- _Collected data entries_
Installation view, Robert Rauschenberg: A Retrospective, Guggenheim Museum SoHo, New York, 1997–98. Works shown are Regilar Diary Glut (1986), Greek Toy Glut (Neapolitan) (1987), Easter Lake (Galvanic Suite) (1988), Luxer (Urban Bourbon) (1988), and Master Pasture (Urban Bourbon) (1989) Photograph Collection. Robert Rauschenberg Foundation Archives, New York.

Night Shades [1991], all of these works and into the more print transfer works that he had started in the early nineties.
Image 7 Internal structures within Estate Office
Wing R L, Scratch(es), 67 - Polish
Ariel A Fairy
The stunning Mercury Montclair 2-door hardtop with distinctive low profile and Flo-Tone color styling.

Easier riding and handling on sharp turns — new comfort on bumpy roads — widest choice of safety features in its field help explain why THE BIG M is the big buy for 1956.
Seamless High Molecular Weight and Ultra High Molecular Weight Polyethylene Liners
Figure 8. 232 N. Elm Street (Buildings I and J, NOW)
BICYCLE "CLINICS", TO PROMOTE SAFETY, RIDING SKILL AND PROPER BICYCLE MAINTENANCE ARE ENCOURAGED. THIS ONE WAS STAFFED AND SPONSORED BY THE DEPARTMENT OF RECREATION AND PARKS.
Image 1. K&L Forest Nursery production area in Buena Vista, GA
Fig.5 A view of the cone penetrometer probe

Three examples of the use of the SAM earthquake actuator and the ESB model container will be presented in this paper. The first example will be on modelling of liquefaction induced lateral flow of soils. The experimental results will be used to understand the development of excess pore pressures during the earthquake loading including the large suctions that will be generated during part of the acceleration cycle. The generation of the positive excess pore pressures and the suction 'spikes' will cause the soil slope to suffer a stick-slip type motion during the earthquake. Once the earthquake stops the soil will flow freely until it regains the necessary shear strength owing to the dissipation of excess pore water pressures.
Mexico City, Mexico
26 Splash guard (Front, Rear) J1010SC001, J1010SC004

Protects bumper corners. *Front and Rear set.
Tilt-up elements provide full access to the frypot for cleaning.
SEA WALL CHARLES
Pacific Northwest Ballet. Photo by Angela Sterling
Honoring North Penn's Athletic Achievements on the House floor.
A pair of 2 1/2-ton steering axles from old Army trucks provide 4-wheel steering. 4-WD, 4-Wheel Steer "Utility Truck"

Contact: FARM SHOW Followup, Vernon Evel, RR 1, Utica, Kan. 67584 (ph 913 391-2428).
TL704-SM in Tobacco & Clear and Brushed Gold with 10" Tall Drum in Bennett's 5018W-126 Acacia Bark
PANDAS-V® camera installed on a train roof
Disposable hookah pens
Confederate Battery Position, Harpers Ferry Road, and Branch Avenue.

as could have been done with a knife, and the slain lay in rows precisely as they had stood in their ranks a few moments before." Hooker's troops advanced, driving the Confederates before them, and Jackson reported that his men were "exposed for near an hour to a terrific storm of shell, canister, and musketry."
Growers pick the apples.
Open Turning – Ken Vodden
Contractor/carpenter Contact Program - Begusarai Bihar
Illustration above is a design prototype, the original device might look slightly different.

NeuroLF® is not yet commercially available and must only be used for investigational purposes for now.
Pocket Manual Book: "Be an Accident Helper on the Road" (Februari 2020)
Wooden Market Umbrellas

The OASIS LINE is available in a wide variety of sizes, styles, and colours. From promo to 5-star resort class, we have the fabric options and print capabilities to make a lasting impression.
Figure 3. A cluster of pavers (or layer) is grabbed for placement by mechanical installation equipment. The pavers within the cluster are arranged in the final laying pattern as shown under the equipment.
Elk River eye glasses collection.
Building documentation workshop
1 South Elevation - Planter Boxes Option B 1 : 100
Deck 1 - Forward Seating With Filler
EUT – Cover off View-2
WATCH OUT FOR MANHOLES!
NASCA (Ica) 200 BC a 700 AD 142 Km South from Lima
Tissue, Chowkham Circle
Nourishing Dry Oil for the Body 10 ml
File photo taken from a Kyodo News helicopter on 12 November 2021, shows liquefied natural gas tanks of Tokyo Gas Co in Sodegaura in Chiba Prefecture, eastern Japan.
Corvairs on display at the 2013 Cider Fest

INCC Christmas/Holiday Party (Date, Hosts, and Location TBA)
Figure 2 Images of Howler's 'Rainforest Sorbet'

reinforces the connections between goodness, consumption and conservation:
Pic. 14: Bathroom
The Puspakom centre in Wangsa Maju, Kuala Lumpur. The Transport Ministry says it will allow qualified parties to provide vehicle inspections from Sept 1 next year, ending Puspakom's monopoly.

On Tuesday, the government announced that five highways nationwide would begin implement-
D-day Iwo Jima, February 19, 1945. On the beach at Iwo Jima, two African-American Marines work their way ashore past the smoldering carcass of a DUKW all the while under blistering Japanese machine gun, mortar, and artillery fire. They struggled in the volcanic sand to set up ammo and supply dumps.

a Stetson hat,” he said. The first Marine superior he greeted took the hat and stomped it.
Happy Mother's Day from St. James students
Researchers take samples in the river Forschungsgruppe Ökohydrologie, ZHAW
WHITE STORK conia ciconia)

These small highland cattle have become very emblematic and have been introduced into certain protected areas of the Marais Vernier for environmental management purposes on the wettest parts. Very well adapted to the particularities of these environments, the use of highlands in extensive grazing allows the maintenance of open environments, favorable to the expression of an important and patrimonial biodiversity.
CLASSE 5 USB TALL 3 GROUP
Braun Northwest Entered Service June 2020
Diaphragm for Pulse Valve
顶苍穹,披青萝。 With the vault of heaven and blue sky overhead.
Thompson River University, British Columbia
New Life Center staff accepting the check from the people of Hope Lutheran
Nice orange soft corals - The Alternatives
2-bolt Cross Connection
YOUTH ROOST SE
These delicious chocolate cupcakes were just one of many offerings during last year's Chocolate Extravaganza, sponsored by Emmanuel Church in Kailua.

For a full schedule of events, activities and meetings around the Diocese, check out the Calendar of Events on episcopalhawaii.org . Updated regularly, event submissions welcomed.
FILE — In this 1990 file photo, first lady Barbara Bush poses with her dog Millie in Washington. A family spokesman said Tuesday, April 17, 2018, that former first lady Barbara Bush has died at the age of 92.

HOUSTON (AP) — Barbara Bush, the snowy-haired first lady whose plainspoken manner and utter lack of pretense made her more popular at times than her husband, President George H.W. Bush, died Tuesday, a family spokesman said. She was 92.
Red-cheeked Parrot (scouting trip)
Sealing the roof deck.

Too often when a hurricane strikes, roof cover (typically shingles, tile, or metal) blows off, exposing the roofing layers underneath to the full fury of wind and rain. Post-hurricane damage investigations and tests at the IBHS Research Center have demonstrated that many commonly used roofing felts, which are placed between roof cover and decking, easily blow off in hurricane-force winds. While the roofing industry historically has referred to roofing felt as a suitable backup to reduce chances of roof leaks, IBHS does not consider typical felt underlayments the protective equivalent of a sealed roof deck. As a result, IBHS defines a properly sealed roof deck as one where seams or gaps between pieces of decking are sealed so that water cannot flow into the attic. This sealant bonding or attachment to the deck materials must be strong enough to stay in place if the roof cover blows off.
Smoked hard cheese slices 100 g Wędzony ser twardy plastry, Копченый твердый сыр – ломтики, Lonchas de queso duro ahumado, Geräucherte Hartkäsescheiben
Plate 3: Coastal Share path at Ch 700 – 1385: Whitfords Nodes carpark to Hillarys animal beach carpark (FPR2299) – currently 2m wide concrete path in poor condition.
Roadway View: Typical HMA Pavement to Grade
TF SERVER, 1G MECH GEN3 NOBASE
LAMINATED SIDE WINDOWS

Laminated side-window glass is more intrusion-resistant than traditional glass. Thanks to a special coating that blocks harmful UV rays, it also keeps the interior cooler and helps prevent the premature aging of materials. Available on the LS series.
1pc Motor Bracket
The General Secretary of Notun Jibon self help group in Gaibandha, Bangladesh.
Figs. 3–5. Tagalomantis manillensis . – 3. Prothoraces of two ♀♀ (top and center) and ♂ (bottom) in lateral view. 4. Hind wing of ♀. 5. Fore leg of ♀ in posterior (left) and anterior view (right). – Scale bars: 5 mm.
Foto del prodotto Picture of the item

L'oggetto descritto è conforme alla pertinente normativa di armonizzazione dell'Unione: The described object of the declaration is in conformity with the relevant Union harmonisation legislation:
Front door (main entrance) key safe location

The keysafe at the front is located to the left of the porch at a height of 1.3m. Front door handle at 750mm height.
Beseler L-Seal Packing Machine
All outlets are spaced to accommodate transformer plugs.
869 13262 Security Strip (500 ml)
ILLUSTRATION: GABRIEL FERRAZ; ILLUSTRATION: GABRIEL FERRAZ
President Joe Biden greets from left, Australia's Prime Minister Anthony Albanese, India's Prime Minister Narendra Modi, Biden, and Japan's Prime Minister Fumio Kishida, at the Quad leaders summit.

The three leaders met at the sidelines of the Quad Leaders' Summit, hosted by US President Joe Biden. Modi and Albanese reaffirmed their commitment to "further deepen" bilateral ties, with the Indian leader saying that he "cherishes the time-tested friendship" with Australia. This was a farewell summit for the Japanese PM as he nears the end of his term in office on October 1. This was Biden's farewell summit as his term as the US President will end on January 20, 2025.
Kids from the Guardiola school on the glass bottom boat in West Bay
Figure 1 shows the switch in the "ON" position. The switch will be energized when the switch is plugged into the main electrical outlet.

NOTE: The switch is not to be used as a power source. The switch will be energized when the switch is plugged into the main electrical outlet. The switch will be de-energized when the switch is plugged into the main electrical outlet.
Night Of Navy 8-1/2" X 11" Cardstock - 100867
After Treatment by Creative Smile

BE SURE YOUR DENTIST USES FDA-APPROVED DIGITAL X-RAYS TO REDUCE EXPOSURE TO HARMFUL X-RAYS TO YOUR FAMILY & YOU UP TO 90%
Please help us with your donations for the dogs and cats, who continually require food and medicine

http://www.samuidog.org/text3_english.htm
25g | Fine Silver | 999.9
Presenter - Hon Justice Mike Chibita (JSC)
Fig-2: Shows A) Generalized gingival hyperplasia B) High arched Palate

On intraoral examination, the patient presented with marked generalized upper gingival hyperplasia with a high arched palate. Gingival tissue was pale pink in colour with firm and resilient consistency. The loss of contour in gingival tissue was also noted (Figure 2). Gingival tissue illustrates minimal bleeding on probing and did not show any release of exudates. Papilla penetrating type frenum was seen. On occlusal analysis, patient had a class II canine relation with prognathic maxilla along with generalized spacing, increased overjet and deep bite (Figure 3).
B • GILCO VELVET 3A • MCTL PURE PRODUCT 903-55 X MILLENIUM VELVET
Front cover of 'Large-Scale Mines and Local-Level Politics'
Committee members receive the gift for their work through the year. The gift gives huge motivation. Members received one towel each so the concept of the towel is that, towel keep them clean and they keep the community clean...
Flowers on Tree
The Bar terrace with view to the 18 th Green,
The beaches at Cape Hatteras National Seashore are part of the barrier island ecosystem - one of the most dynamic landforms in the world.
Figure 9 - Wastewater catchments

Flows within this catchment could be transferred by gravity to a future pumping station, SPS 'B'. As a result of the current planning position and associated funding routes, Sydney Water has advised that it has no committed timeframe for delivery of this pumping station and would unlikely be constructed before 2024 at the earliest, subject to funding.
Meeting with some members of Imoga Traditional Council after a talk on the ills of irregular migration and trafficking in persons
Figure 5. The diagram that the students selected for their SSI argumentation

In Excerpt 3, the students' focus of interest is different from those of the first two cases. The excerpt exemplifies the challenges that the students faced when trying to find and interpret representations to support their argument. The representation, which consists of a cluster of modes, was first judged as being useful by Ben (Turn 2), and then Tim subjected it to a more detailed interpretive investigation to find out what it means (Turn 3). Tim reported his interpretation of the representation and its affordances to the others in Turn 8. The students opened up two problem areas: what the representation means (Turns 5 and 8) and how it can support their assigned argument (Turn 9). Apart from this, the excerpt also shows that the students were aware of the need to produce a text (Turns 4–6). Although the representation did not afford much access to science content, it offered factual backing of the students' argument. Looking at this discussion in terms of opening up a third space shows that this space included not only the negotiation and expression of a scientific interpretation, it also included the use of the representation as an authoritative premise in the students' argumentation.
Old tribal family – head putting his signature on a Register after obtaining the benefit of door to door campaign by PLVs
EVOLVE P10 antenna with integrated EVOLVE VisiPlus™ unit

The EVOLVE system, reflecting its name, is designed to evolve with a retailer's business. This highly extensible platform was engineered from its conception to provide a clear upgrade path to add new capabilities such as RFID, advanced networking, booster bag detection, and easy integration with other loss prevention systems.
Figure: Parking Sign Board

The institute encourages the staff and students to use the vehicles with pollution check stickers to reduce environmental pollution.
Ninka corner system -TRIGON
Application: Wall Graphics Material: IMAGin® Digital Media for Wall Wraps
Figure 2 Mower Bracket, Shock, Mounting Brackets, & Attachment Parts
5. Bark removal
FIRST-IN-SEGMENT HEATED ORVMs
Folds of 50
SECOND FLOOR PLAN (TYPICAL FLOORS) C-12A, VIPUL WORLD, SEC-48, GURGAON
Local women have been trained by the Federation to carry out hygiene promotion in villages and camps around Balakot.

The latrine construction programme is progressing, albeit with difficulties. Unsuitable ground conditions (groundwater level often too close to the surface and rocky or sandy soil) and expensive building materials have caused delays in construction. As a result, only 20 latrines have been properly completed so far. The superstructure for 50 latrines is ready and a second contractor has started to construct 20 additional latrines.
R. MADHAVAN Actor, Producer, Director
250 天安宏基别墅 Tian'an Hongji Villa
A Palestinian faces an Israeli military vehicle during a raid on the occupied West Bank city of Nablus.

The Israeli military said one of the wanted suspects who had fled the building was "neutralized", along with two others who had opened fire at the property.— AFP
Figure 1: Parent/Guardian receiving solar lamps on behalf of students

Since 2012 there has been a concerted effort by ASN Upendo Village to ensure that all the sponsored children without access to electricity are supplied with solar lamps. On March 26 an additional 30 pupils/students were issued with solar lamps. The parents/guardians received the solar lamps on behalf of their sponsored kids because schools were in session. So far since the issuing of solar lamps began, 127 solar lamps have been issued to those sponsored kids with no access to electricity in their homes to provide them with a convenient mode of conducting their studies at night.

- _What you have to do_
Check all the records above and select each line where the string "could" is found.

- _Answer to this exercise_
as could have been done with a knife, and the slain lay in rows precisely as they had stood in their ranks a few moments before." Hooker's troops advanced, driving the Confederates before them, and Jackson reported that his men were "exposed for near an hour to a terrific storm of shell, canister, and musketry."
Flows within this catchment could be transferred by gravity to a future pumping station, SPS 'B'. As a result of the current planning position and associated funding routes, Sydney Water has advised that it has no committed timeframe for delivery of this pumping station and would unlikely be constructed before 2024 at the earliest, subject to funding.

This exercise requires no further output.